Jonas Brands, der an der Technischen Universität Berlin zu Sicherheit in der Logistik forscht, hält die Luftfracht grundsätzlich für „extrem gut abgesichert“. Allerspätestens nach dem Terroranschlag vom 11. September 2001 sei das Thema Sicherheit allgegenwärtig, zahlreiche EU-Vorschriften stellten das sicher. „Da gelten letztlich dieselben strengen Vorschriften wie im Personenverkehr.“
Nach dem russischen Angriff auf die Ukraine habe es jedoch keine weitere Verschärfung der Vorschriften für die Luftfracht gegeben. Was die Sicherheit in der Logistik grundsätzlich angeht, beobachtet Brands dennoch Defizite. Einbrüche in Lagerhallen oder Lastwagen seien immer wieder ein Thema in der Branche. Die Lagerhallen seien nachts oft schwer zu überblicken und zu sichern. Dahinter steckten aber Diebe, keine Terroristen. Und die Hallen seien, was die Standards angeht, nicht mit den Flughäfen zu vergleichen.

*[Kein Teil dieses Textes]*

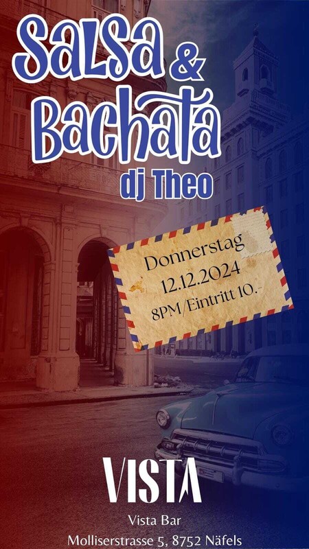 Näfels Donnerstag 12. Dezember SALSA & BACHATA NIGHT Party mit DJ Theo 20.00 Uhr bis 00.00 Uhr - Eintritt 10.- Garderobe Gratis & Genügend kostenlose Parkplätze vorhanden VISTA BAR Molliserstrasse 5 8752 Näfels (Glarus)
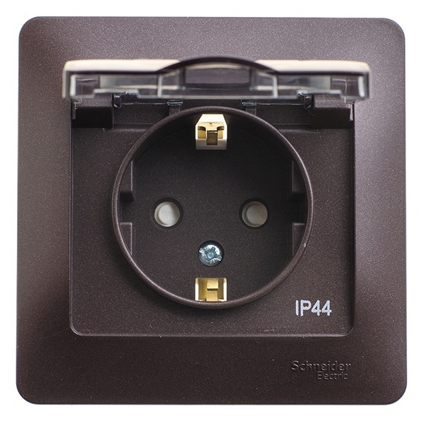 Розетка SE Glossa (в сборе, цвет шоколад) одинарная с заземлением, шторками и крышкой подходит для сетей 250 В, на ток 16 А.- Изделие со степенью защиты IP44 обеспечит безопасность использования в ванной и на кухне.- Заземляющий контакт обеспечивает дополнительную защиту от удара электрическим током. При наличии заземления электрический потенциал уходит в землю, защищая человека.- Выполнен из материала PС+ASA, стойкого к УФ-излучению и появлению царапин.

Vorfälle im Sommer führen zu Spekulationen
Der Absturz in Litauen weckt Erinnerungen an Vorkommnisse im Sommer. Im Leipziger DHL-Luftfrachtzentrum soll ein aus dem Baltikum verschicktes Paket Feuer gefangen haben. Auch in Großbritannien brannte ein Paket. Anfang dieses Monates meldeten litauische Behörden Festnahmen und machten Russland für die Vorfälle verantwortlich.
DHL hatte im Sommer mitgeteilt, die Sparte DHL Express habe in allen europäischen Ländern Maßnahmen ergriffen, um ihr Netzwerk, ihre Mitarbeiter und Einrichtungen sowie die Sendungen der Kunden zu schützen. Am Montag äußerte sich DHL auf Anfrage nicht weiter zu den generellen Schutzmaßnahmen vor Sabotage in der Luftfracht.
Das abgestürzte Flugzeug war für die spanische Fluggesellschaft Swift Air im Auftrag von DHL unterwegs. DHL erklärte, dass ein Swift-Air-Flugzeug gegen 4.30 Uhr einen Kilometer vor dem Flughafen von Vilnius eine Notlandung durchgeführt habe. Bei dem Flieger handelt es sich um einen zum Frachter umgebauten Passagierjet der Boeing-Baureihe 737-400, die seit dem Jahr 2000 nicht mehr gebaut wird. Das abgestürzte Flugzeug soll 31 Jahre alt gewesen sein. Ältere Flugzeuge gelten bei sorgfältiger Wartung dennoch als sicher. Aber auch ein technischer Defekt wird in den Ermittlungen nicht ausgeschlossen, ebenso ist ein Pilotenfehler möglich. Untersuchungen der Flugschreiber sollen Hinweise zur Ursache liefern. Die Bundesstelle für Flugunfalluntersuchung unterstützt die Untersuchungen.